My brother lives in the states and he has just got his second Catahoula. His older dog is a real sweetheart - large and lumbering with a fab personality. He has just got a puppy Cat who is adorable. I like the history of the dog, the personality of the breed and the mixture of colours. However, trying to source one in Europe would be preferable to getting a dog from the US, which we will do if we have to.


----------



## Guest (Nov 4, 2012)

from what i understand these were the very first people that imported the dogs into europe so may be worth getting in touch with them
Louisiana Catahoula Leopard Dog


----------



## Hedgeweaze (Nov 4, 2012)

Many thanks for the information. I shall get in touch with them.
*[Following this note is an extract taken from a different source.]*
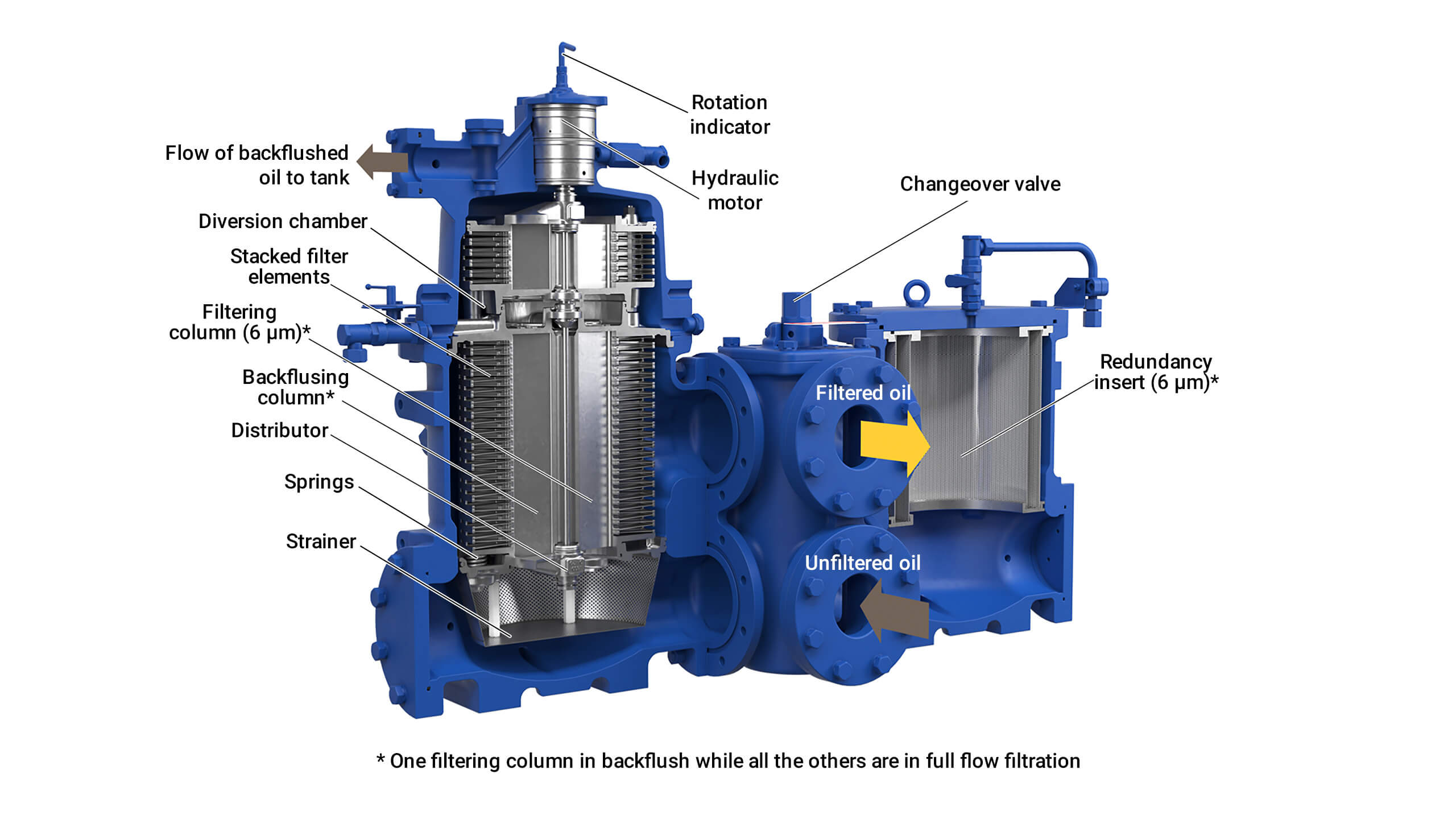 Moatti HCO filters deliver ultra-fine particle filtration with virtually no pressure drop. The secret is their innovative Alfa Laval Atrium technology, which offers the market’s best ratio of footprint to filtering surface. The redundant insert, which has even higher performance, is activated by a changeover valve for oil polishing or continuous operation during maintenance.

AL


----------



## karenatkins (Feb 5, 2013)

Hi - just to say that I too was interested in the breed, and - after much painstaking work with DEFRA etc - have now had one lovely purebred Catahoula here in the UK for a year, and like the breed so much I imported a second female from a v good breeder in Netherlands (recently emigrated from there to Australia I'm afraid!) last autumn.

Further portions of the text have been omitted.